In all three coached swim sessions this week I found myself having to explain the difference between a build set and a descending set yet again. Here’s what they mean:
Building: within each rep of the build set the swimmer should increase their speed from slow to fast. So when I give “2x 50m front crawl – building” I’m expecting the swimmer to start each 50m easy and pick up the speed to finish that 50m hard. Speed is building within each rep.

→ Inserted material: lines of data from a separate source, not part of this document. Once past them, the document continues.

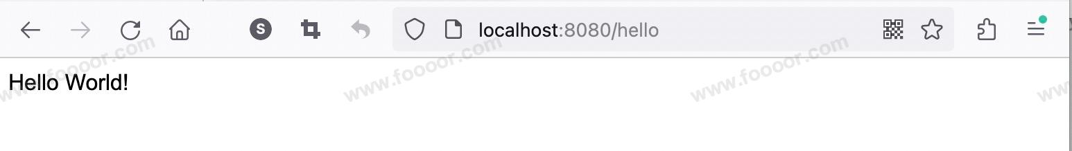 运行主启动类 HelloSpringBootApplication ,然后在浏览器访问接口: http://localhost:8080/hello
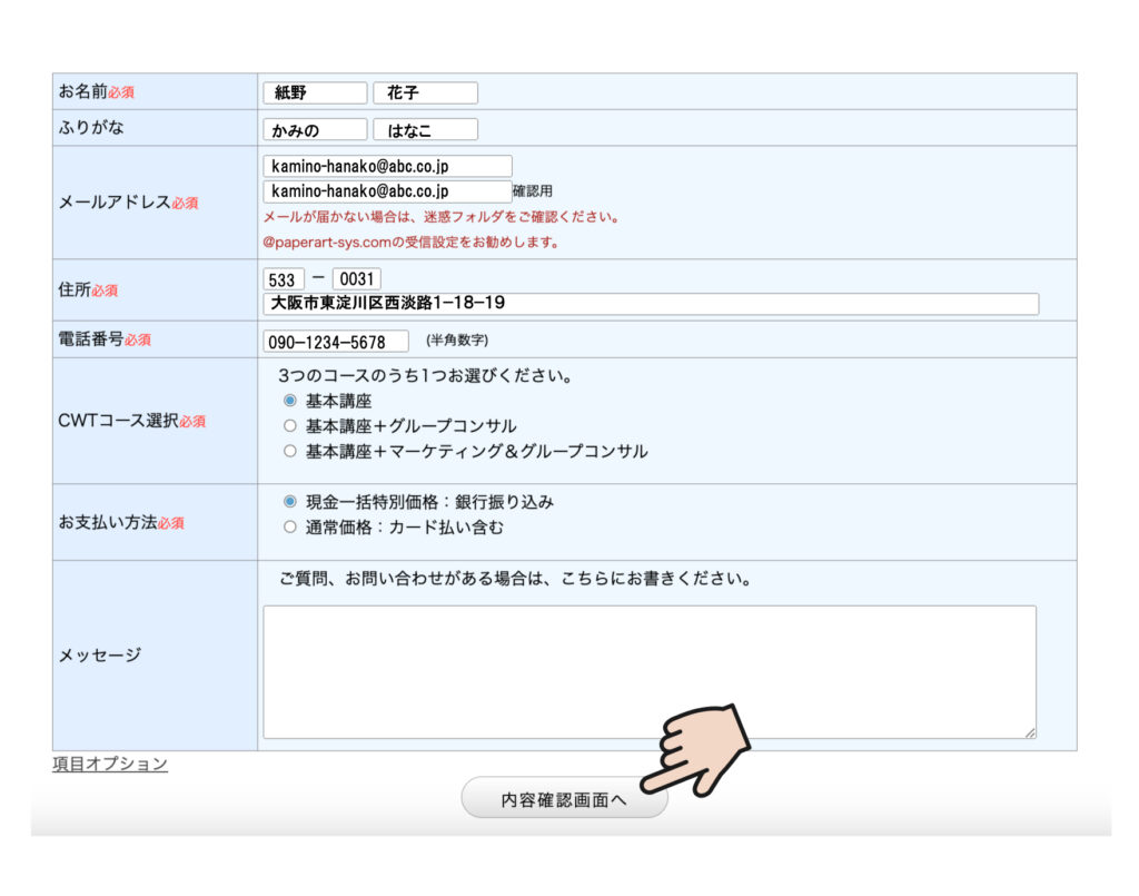 内容確認画面が出ますので、入力した内容に間違いがないか、ご確認ください
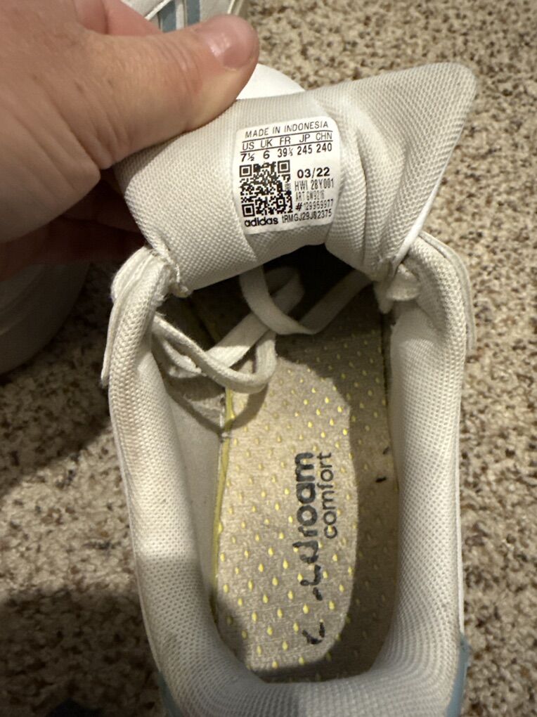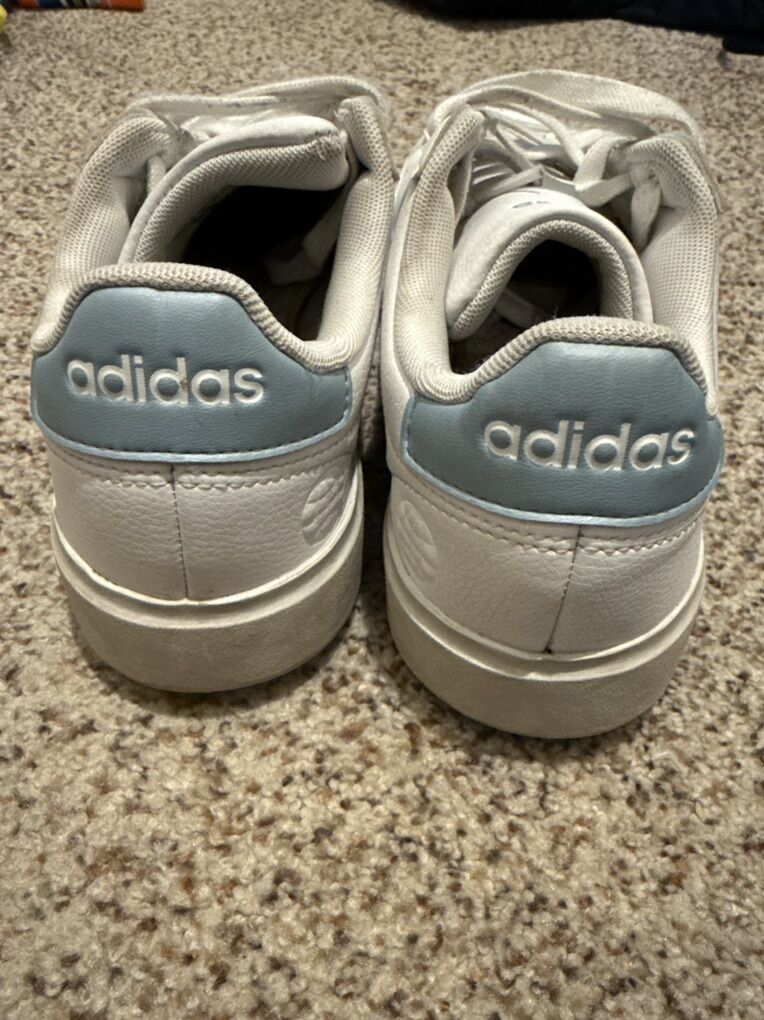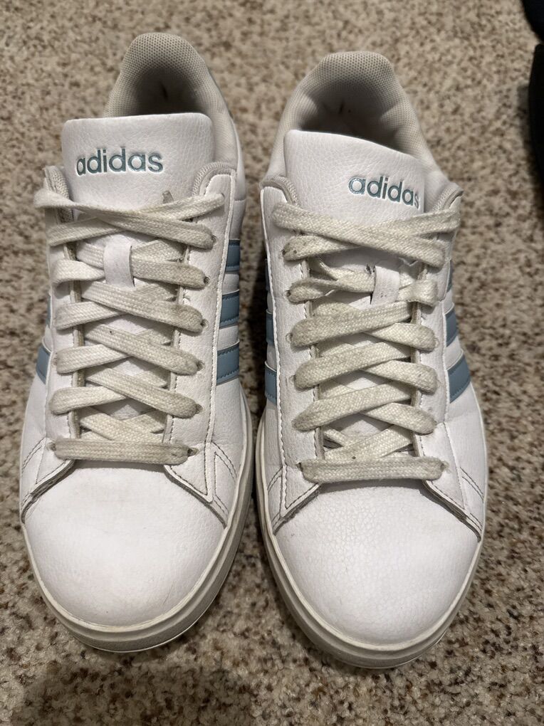 VenmoUsed but great condition Adidas White with blue stripes Not rips or tears Lace up Women’s size 7 1/2 Located American fork/highland Cash/venmo $5
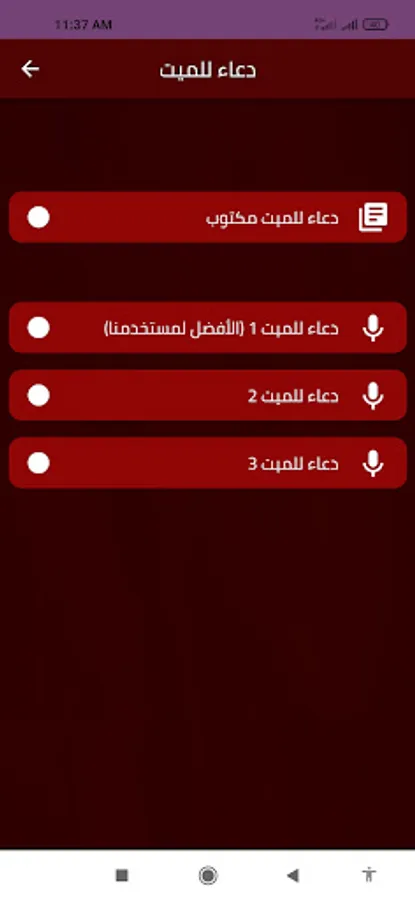 يمكنك التنقل بين أزرار تطبيق دعاء للميت بسهولة
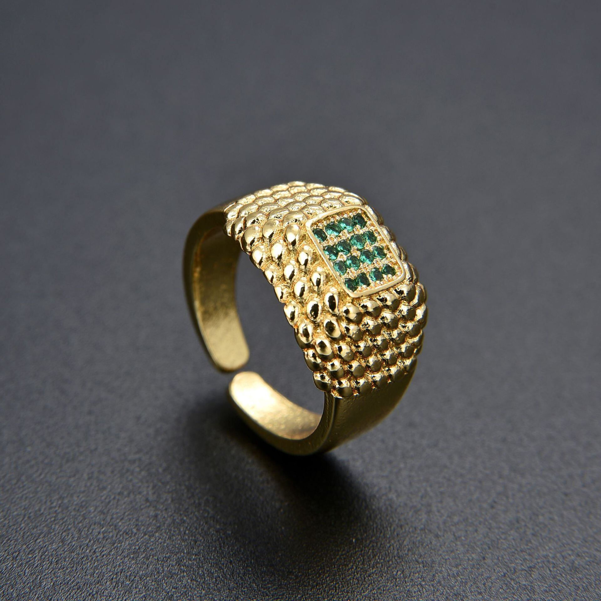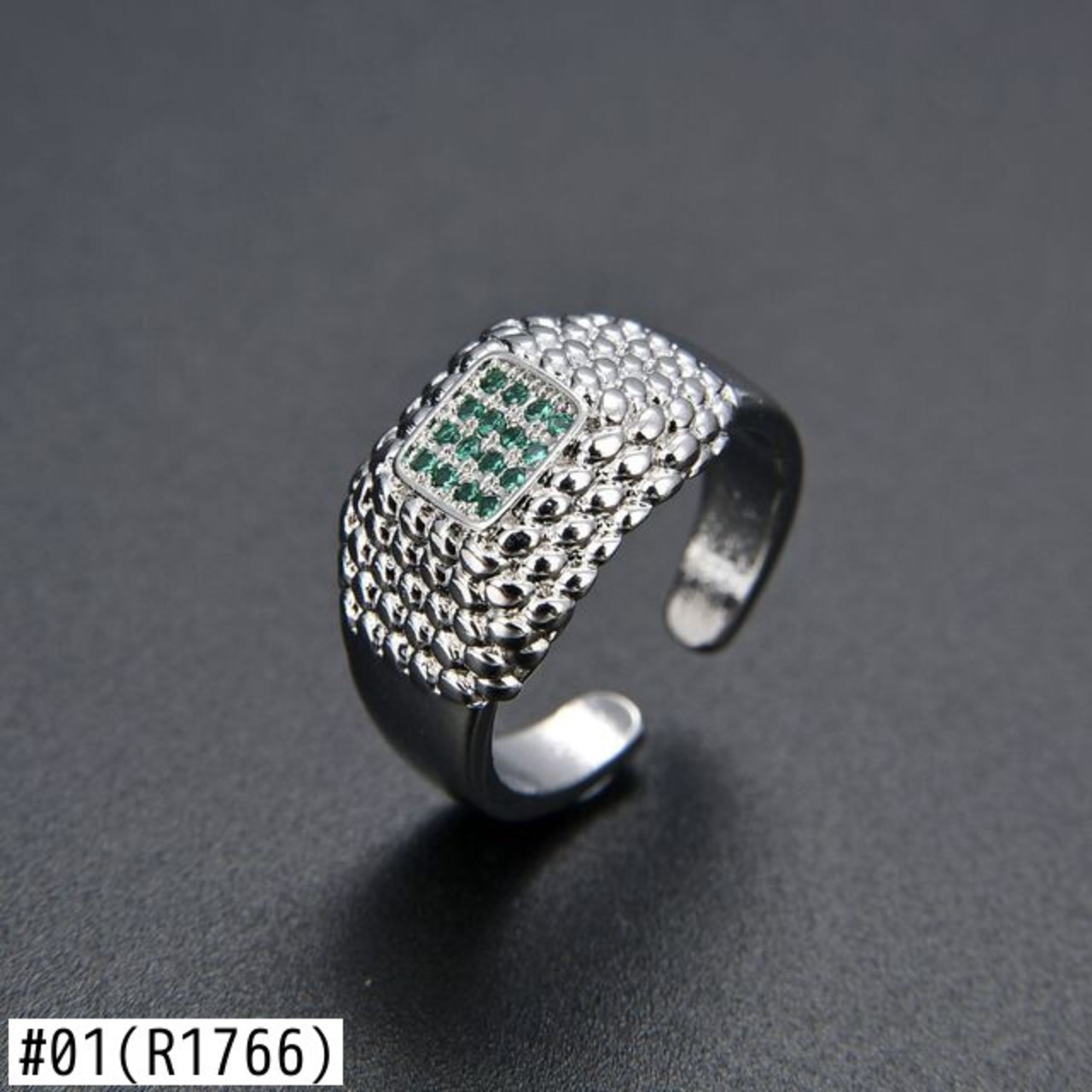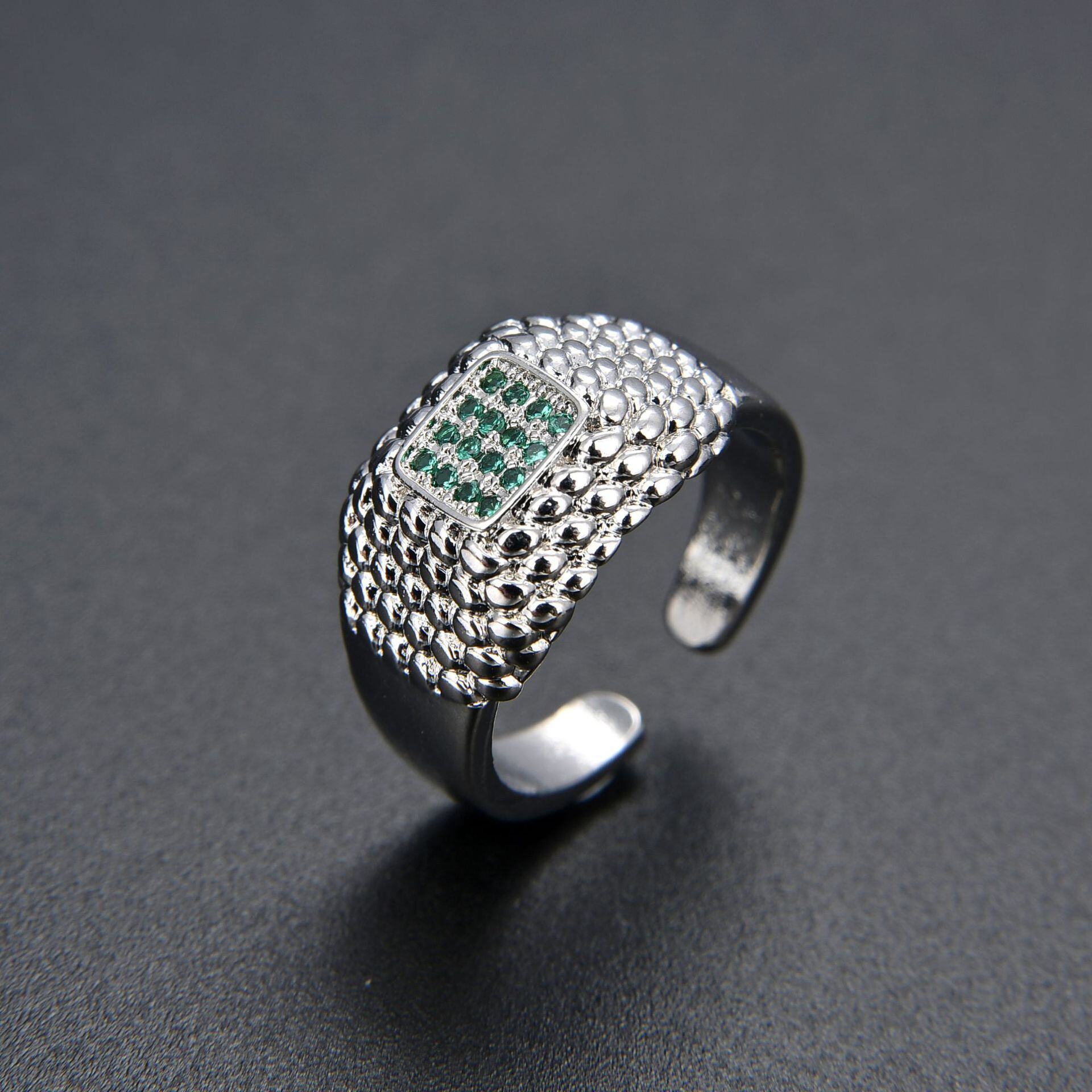 ;IVVY シルバーカラー 不規則ドット グリーン ジルコン オープン ワイド リング レディース メンズ パーティー ジュエリー ギフト 指輪 銀
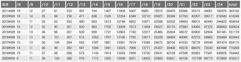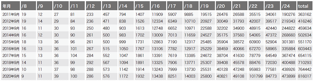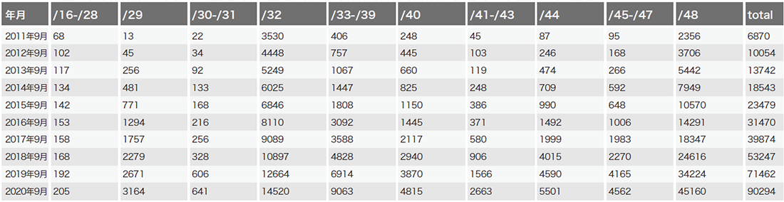 最初に、IIJ網から他組織に広報している「IPv4フルルート」の情報(表-1)及び「IPv4フルルート」に含まれるunique IPv4アドレス数の情報(表-2)を確認します。なおこの1年の間にRIPE NCC及びLACNICのIPv4アドレス在庫が完全枯渇を迎えています。残るはAPNICとAfriNICですが、APNICは既に2021年初めの完全枯渇予測が出ており、またAfriNICでは2020年1月から割り振り/割り当てサイズに上限(/22)が設けられています。
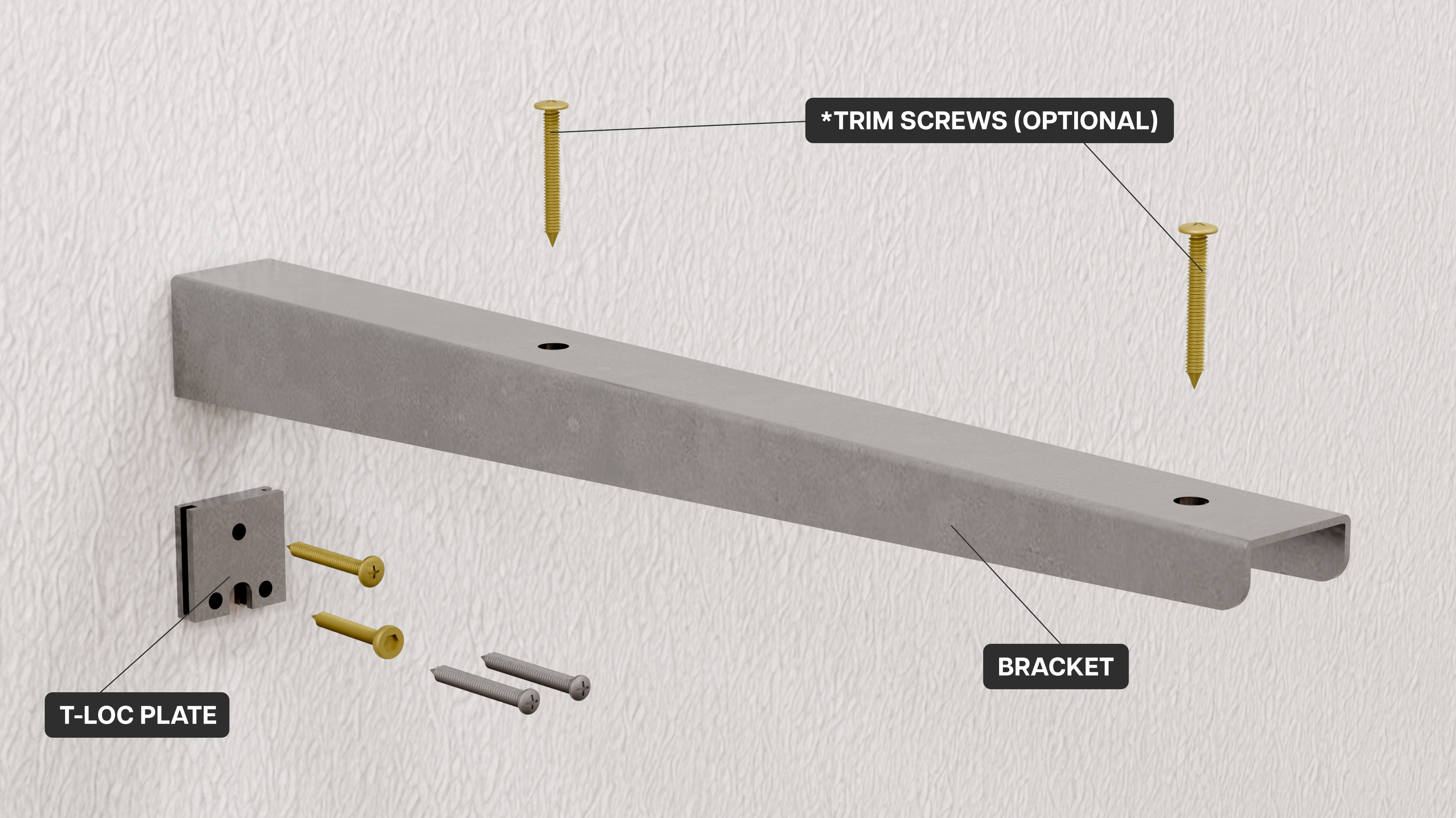 Attach the bracket by partially driving in the provided screws. Recheck the bracket is level, then fully tighten the screws. The Stinson bracket's all wood design will allow you to slightly modify the drill locations and to add additional screws if desired.
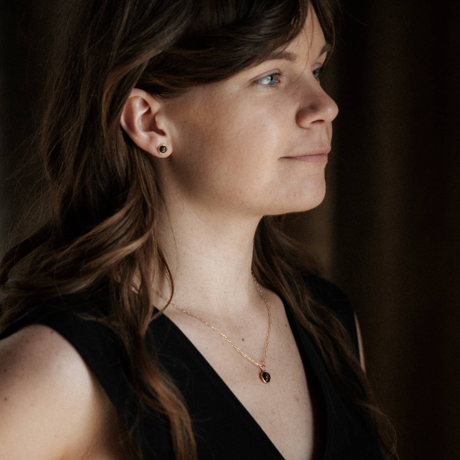 A 24K heavy deposition gold plated 8mm bezel set copper obsidian stone hangs from an 18" 14K/20 gold filled paperclip chain.

Descending: within a descending set each rep should be faster than the previous one. So when I give “3x 100m front crawl – descending” I’m expecting the first rep to be at an easy pace, the second steady and the third fast. How each individual rep is paced isn’t so important, but each one should be faster than the last. I know, it’s called a descending set yet the speed is increasing – this is what confuses most people. Speed is increasing, but this means the time taken for each rep is decreasing, you’re descending the time you take. Given swim coaches are usually watching the pool clock to time reps from our perspective the set is descending.
I doubt this will be the last time I have to explain these terms.
Tuesday, 11th February 2014 – Endurance Swim Session
Warm Up | ||
---|---|---|
300m Front crawl – easy | ||
2x | 50m As 25m front scull, 25m front crawl on 15s rest | |
2x | 50m Front crawl – building on 15s rest | |
2x | 50m As 25m fist drill, 25m front crawl on 15s rest | |
2x | 50m Front crawl – building on 15s rest | |
3x | 100m Front crawl – descending on 25s rest | |
1,000m | ||
Main Set | ||
4/5/6x | 200m Front crawl – steady on 30s rest Last rep (last 2 reps if doing 6) hard on 40s rest |
|
4/5/6x | 100m Front crawl – steady on 20s rest Last 2 reps (last rep if doing 4) hard on 30s rest |
|
2,200m-2,800m | ||
Cool Down | ||
200m Choice – easy | ||
2,400m-3,000m |
There’s a lot of variation within Tuesday’s set reflecting the broad range of abilities that come to the two sessions. Stronger swimmers get more distance and more of the higher intensity reps, while the weaker swimmers have a more manageable load and are given more opportunity to focus on improving their stroke.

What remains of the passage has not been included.